What intrigued me next is the fact that this story is inspired by a romance in Greek mythology. I waited until after I finished the novel to go back to the list of which characters the author based on which mythological figures. Ah—the creativity!

The events in the characters’ personal lives and the haunting glimpses of their backstories are what gripped me most during this read. The novel is unafraid to go to some dark places, while other moments in the story are rather adorable, without schmaltz. The drama is understated and effective, and there’s not only attraction and affection but also wisdom, sense, and respect in the unfolding of the romance.

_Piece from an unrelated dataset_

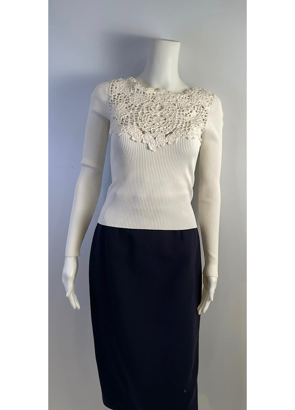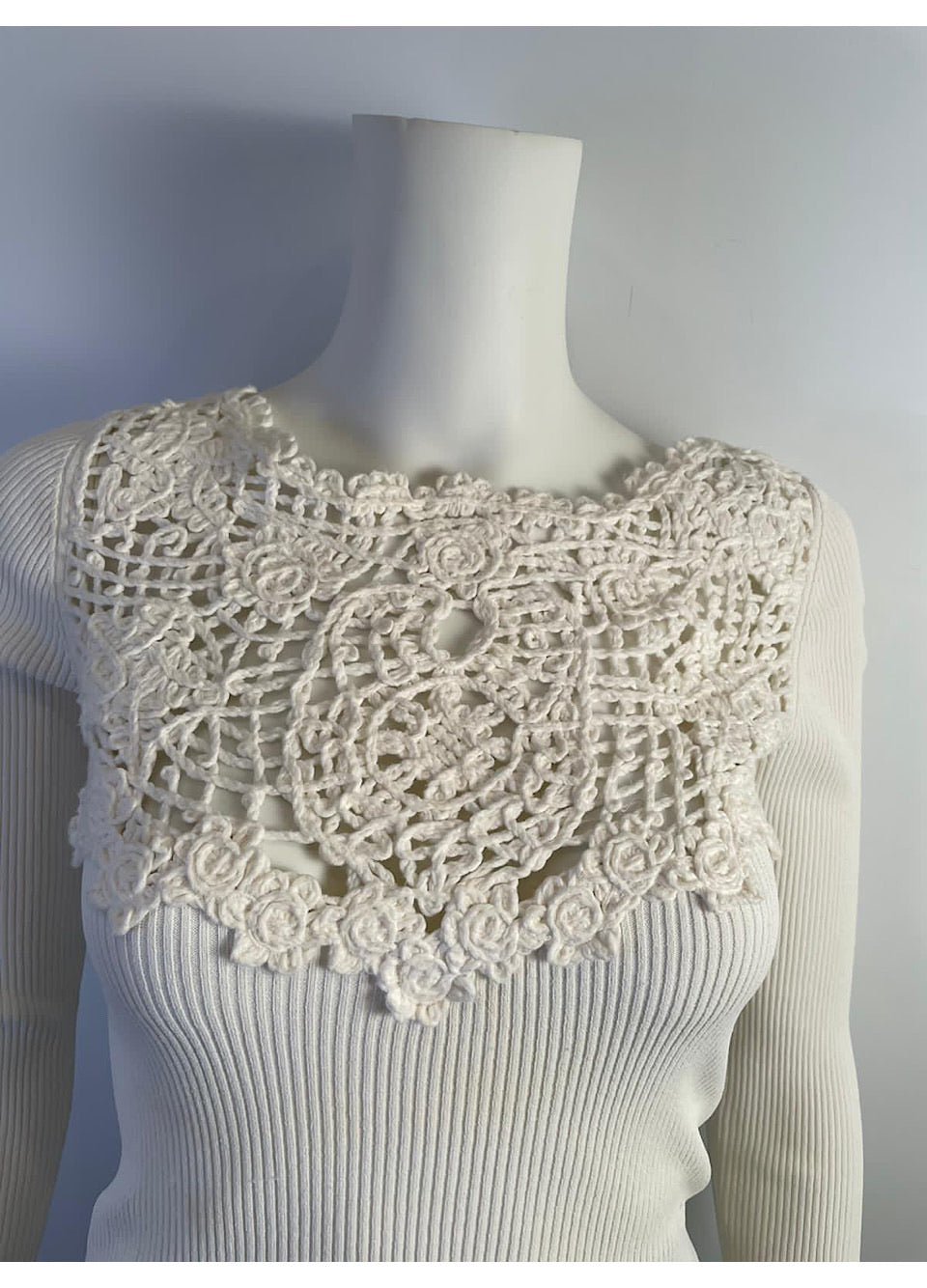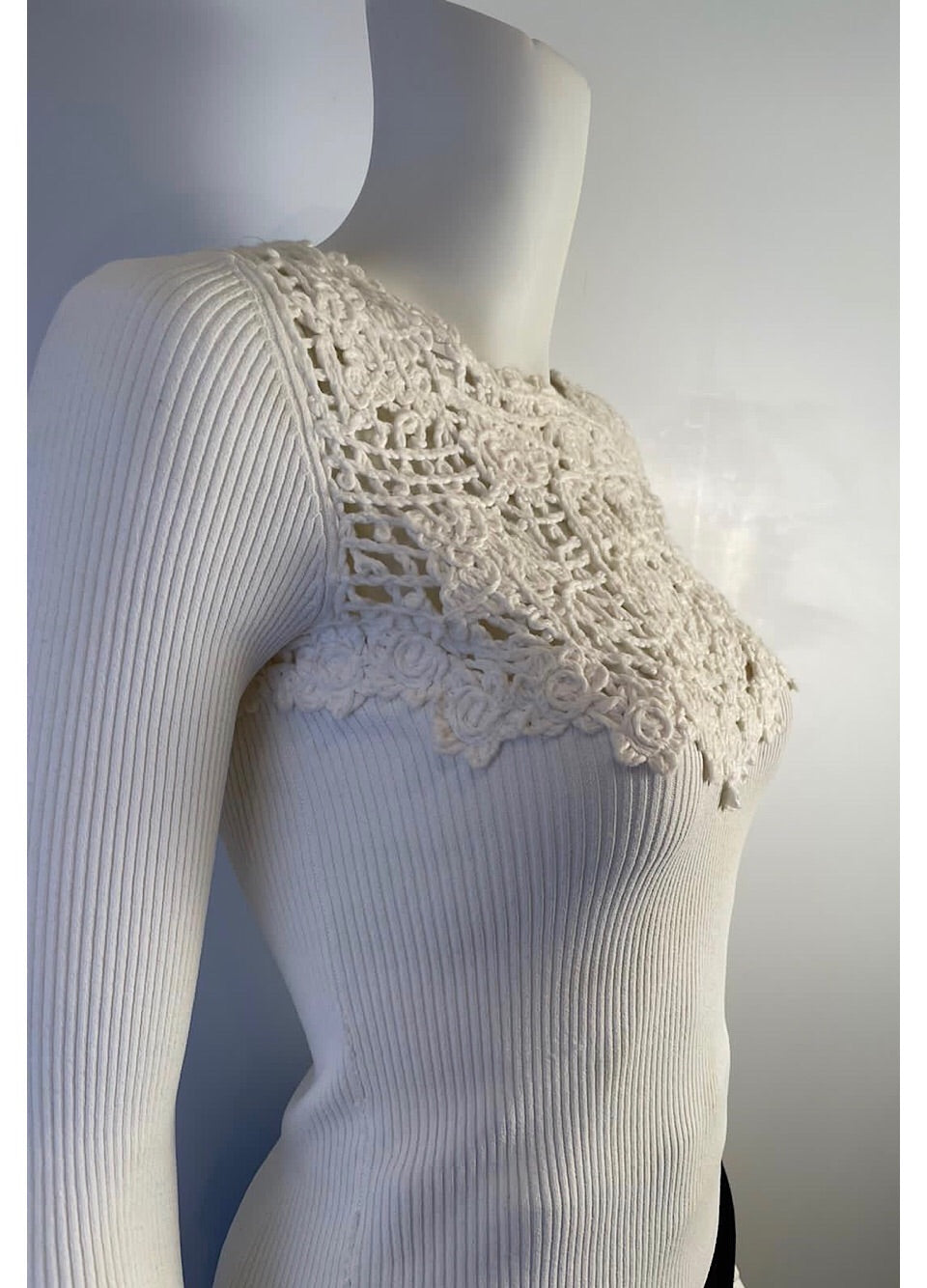 Chanel 05P, 2005 Spring long sleeved white ribbed top with cotton crochet front. The ribbing is stretchy rayon/poly, the crochet work is 100% cotton. This is one of those tops that goes with everything.

Now, the plot development became a bit choppy for me between the climax and resolution, with some points that felt rushed over and narrated answers that tied up some hard questions a little too suddenly and easily. There were also a few more errors and inconsistencies in grammar and punctuation than I would have expected, but they weren’t frequent or major enough to detract from the story for me.

I’d recommend this novel to fellow ChristFic readers who can appreciate suspense that tackles tough issues while making way for light and redemption.